- _GOAL OF THE EXERCISE_
Line by line, please look for the word "from" in the following records, then copy each line you find it in.

- _SOURCE MATERIAL_

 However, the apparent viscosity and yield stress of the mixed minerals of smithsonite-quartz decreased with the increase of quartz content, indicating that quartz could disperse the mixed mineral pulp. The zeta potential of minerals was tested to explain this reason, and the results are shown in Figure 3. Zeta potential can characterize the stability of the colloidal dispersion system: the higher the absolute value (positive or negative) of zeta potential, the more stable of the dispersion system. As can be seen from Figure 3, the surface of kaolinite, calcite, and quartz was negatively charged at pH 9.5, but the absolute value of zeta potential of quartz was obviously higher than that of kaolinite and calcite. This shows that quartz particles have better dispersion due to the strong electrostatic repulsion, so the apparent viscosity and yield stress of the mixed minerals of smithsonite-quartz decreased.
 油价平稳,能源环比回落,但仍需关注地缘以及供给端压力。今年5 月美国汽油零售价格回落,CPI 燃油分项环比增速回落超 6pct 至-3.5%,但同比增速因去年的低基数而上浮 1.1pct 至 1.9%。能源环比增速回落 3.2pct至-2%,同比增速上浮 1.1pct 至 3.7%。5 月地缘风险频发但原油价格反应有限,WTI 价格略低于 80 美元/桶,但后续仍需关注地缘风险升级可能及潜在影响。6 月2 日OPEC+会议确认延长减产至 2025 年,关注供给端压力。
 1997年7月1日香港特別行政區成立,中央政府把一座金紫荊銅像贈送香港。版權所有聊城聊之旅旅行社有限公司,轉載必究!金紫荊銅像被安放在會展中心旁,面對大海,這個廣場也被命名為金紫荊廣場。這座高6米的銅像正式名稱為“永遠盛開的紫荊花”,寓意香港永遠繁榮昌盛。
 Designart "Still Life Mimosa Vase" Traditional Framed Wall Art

* * *

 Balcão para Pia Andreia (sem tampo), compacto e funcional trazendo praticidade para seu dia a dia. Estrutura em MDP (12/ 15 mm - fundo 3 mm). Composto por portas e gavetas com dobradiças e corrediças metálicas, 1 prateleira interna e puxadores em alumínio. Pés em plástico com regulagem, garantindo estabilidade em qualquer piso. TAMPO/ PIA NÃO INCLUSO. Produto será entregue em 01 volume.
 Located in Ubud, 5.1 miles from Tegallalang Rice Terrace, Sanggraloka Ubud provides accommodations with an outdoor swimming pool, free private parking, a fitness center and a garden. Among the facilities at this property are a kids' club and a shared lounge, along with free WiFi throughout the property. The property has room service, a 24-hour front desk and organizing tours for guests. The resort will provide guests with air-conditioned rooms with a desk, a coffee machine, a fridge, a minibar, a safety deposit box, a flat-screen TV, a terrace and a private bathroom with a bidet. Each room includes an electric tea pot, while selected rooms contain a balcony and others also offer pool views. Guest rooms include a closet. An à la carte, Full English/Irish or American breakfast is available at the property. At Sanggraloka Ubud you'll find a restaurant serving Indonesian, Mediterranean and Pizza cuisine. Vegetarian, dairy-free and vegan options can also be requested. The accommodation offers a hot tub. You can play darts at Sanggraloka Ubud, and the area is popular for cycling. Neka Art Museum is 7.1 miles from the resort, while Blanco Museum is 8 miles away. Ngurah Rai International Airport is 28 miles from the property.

- _RESPONSE_
 However, the apparent viscosity and yield stress of the mixed minerals of smithsonite-quartz decreased with the increase of quartz content, indicating that quartz could disperse the mixed mineral pulp. The zeta potential of minerals was tested to explain this reason, and the results are shown in Figure 3. Zeta potential can characterize the stability of the colloidal dispersion system: the higher the absolute value (positive or negative) of zeta potential, the more stable of the dispersion system. As can be seen from Figure 3, the surface of kaolinite, calcite, and quartz was negatively charged at pH 9.5, but the absolute value of zeta potential of quartz was obviously higher than that of kaolinite and calcite. This shows that quartz particles have better dispersion due to the strong electrostatic repulsion, so the apparent viscosity and yield stress of the mixed minerals of smithsonite-quartz decreased.
 Located in Ubud, 5.1 miles from Tegallalang Rice Terrace, Sanggraloka Ubud provides accommodations with an outdoor swimming pool, free private parking, a fitness center and a garden. Among the facilities at this property are a kids' club and a shared lounge, along with free WiFi throughout the property. The property has room service, a 24-hour front desk and organizing tours for guests. The resort will provide guests with air-conditioned rooms with a desk, a coffee machine, a fridge, a minibar, a safety deposit box, a flat-screen TV, a terrace and a private bathroom with a bidet. Each room includes an electric tea pot, while selected rooms contain a balcony and others also offer pool views. Guest rooms include a closet. An à la carte, Full English/Irish or American breakfast is available at the property. At Sanggraloka Ubud you'll find a restaurant serving Indonesian, Mediterranean and Pizza cuisine. Vegetarian, dairy-free and vegan options can also be requested. The accommodation offers a hot tub. You can play darts at Sanggraloka Ubud, and the area is popular for cycling. Neka Art Museum is 7.1 miles from the resort, while Blanco Museum is 8 miles away. Ngurah Rai International Airport is 28 miles from the property.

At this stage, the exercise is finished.